As we all know, traditionally, “family” are those people who are biologically connected to you via birth. But many, especially in the queer community, consider “family” those that you know that are part of your community. But maybe it is even more.
I was walking to a rally for the “Trans Day of Visibility the other day. It had been a kind of emotional day for me already. But I was just enjoying my walk to the capital and listening to some fun music. I don’t recall which playlist I was listing to but it wasn’t one of my more common ones.
I was just one street across from the capital. There were lots of people up on the steps and even more still in route, as I was. I was in the middle of crossing the street over to the capital when a new song came on. I don’t recall what the song was. But the lyrics were talking about being real and changing for the better. It was so totally apropiate for the moment, almost too much so.
I was in the middle of the street and started cry so hard. Fortunately I was able to pull it together and get across the street. It was so very intense, between the music and the event, my ermotions were so overwelming. A guy saw me and notised that I was emotional. I just ran up to him and huged him. I huged him so tight and hard for so long.
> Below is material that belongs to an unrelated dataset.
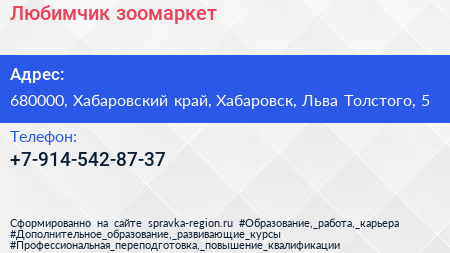 Любимчик, зоомаркет по адресу 680000, Хабаровский край, Хабаровск, Льва Толстого, 5 в дальнейшем Организация, размещена в следующих категориях:
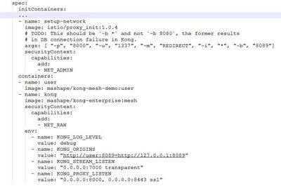 Kong 社区提供了 kong mesh 的 demo (https://github.com/Kong/kong-mesh-dist-kubernetes),该 demo 是实现的是 tcp 四层透明代理转发业务。

I had no idea who he was/is. I will most likely never see him again. Was he “family”. In that moment for me he was. He was someone I could lean on. Literaly a shoulder to cry on. After I got controle of myself he checked to make sure I was OK and then we parted.
It is amaszing to me how little we had in common, going to a rally, yet how very much we had in common. Two people with a common heart, a heart of love. I was in need and he was a comforting soul for me to lean on.
For that moment he was part of my family. The queer family is huge. We are all over the place.